[Stored items from a collection]
--------------------------------------------------

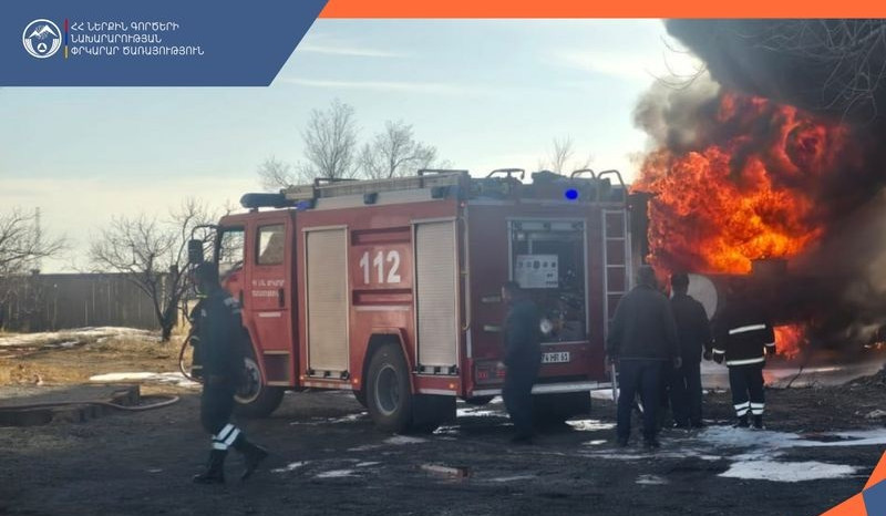 Նախնական տվյալներով այրվում է պահեստային բաքերը և մեկ բեռնատար ավտոմեքենա։ Իրականացվում է հրդեհաշիջում։
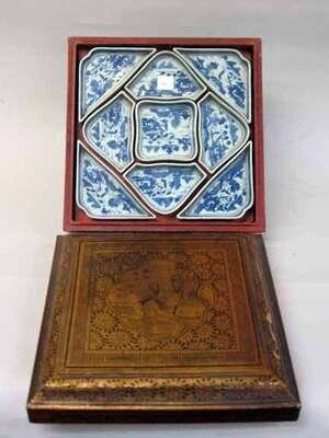 The nine blue and white porcelain dishes worked in the typical canton palette, encased in a gilt box decorated with lotus flowers to the border, with a scholar and boy in a central medallion.
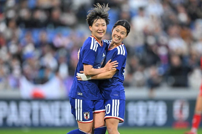 【画像】藤野あおば(左)がゴールを奪い、日本が3点リード!|写真:金子拓弥(サッカーダイジェスト写真部)
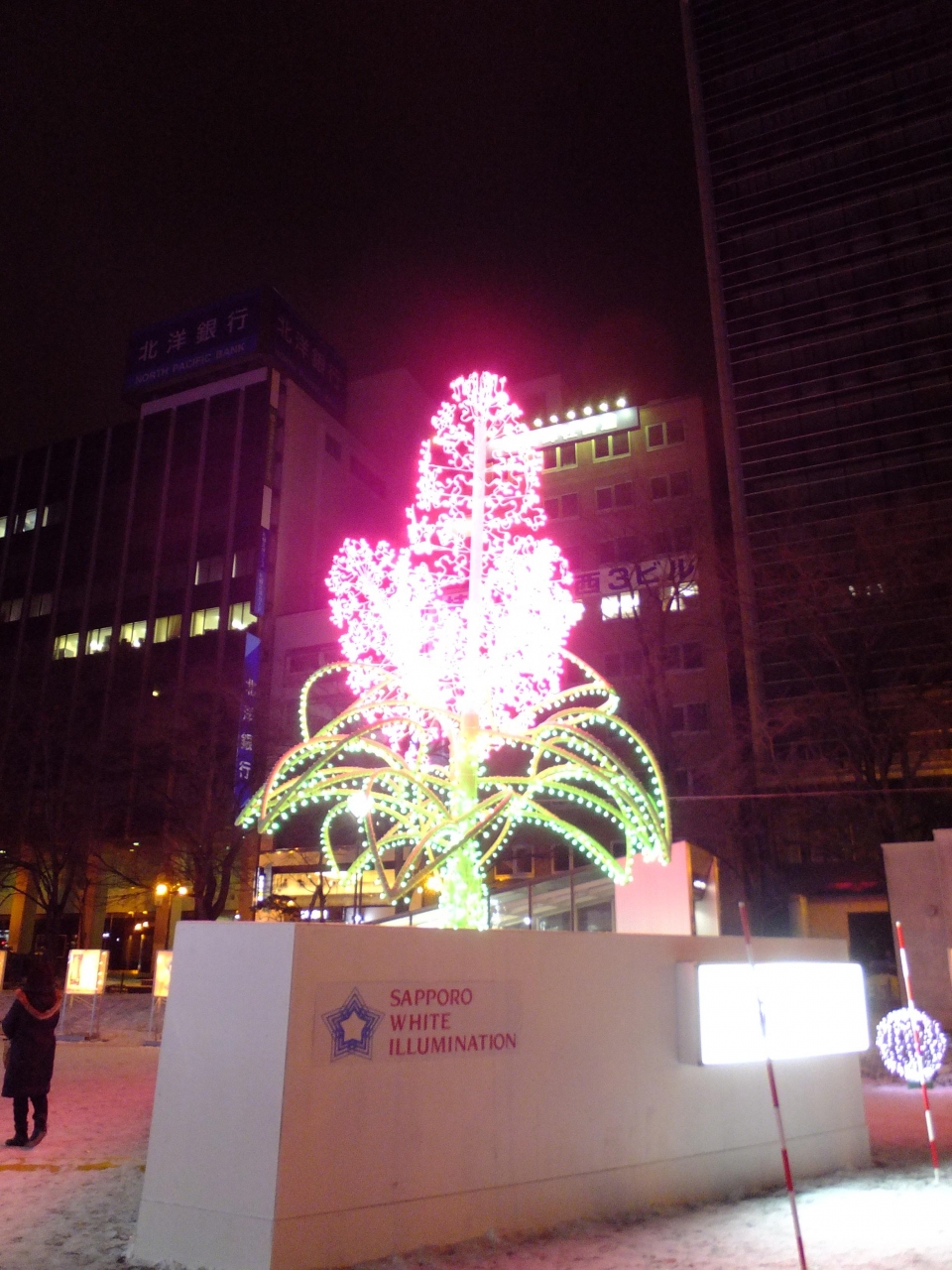 手前にはクリスマスツリーがいくつかあり、十分に目で見て楽しめるイベントですが、大雪には気を付けましょう。
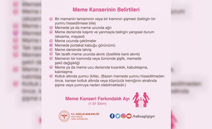 Kadınların korkulu rüyası olan meme kanserinin belirtileri konusunda yapılan açıklamada ise kitlenin önemine dikkat çekilip, “Meme kanserinin en sık rastlanan belirtisi, memede ağrısız, zamanla büyüyen bir yumrunun (kitlenin) ele gelmesi, hissedilmesidir. Ayrıca ele gelen yumru (kitle) olsa da olmasa da aşağıdaki belirtiler de meme kanserinde görülebilmektedir. Memede ya da meme ucunda ağrı, Meme derisinde kaşıntı ve yanmayla belirgin yangısal durum (ekzema, mayasıl), meme ucunda çekilmeler, Memede portakal kabuğu görünümü, Meme derisinde tahriş, Tek taraflı meme ucunda akıntı- özellikle kanlı akıntı, Koltuk altında yumru (kitle), Memenin bir kısmında veya tümünde şişlik, memede şekil değişikliği, Meme ya da meme ucu derisinde kızarıklık, kabuklaşma, kalınlaşma şeklinde ortaya çıkar” denilerek, bunlara karşı dikkatli olunması istendi.
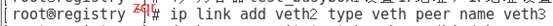 ip link add veth2 type veth peer name veth3,添加一个veth2对,指定veth0的对端是veth3
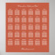 Terracotta 30 Table Wedding Seating Chart Poster, please personalize the names of the couple and the names of the guests along with any of the other text that you may wish to personalize. A stylish seating chart poster featuring elegant white text on a lovely terracotta color background.
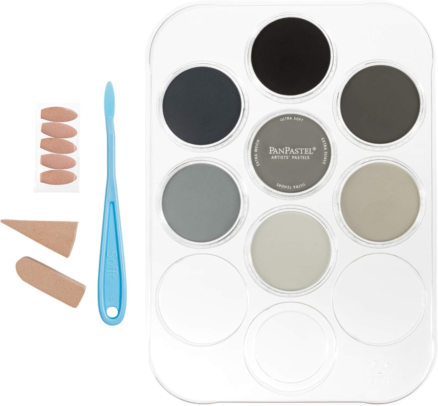 PanPastel Artist Pastels by GOLDEN, Greys, Grime & Soot Set, 7 Color, Professional Artist Pastels, Unique Pan Format (cake-like)

--------------------------------------------------

An exact reprint of the records above is required, with all pictures left out.

 Նախնական տվյալներով այրվում է պահեստային բաքերը և մեկ բեռնատար ավտոմեքենա։ Իրականացվում է հրդեհաշիջում։
 The nine blue and white porcelain dishes worked in the typical canton palette, encased in a gilt box decorated with lotus flowers to the border, with a scholar and boy in a central medallion.
 【画像】藤野あおば(左)がゴールを奪い、日本が3点リード!|写真:金子拓弥(サッカーダイジェスト写真部)
 手前にはクリスマスツリーがいくつかあり、十分に目で見て楽しめるイベントですが、大雪には気を付けましょう。
 Kadınların korkulu rüyası olan meme kanserinin belirtileri konusunda yapılan açıklamada ise kitlenin önemine dikkat çekilip, “Meme kanserinin en sık rastlanan belirtisi, memede ağrısız, zamanla büyüyen bir yumrunun (kitlenin) ele gelmesi, hissedilmesidir. Ayrıca ele gelen yumru (kitle) olsa da olmasa da aşağıdaki belirtiler de meme kanserinde görülebilmektedir. Memede ya da meme ucunda ağrı, Meme derisinde kaşıntı ve yanmayla belirgin yangısal durum (ekzema, mayasıl), meme ucunda çekilmeler, Memede portakal kabuğu görünümü, Meme derisinde tahriş, Tek taraflı meme ucunda akıntı- özellikle kanlı akıntı, Koltuk altında yumru (kitle), Memenin bir kısmında veya tümünde şişlik, memede şekil değişikliği, Meme ya da meme ucu derisinde kızarıklık, kabuklaşma, kalınlaşma şeklinde ortaya çıkar” denilerek, bunlara karşı dikkatli olunması istendi.
 ip link add veth2 type veth peer name veth3,添加一个veth2对,指定veth0的对端是veth3
 Terracotta 30 Table Wedding Seating Chart Poster, please personalize the names of the couple and the names of the guests along with any of the other text that you may wish to personalize. A stylish seating chart poster featuring elegant white text on a lovely terracotta color background.
 PanPastel Artist Pastels by GOLDEN, Greys, Grime & Soot Set, 7 Color, Professional Artist Pastels, Unique Pan Format (cake-like)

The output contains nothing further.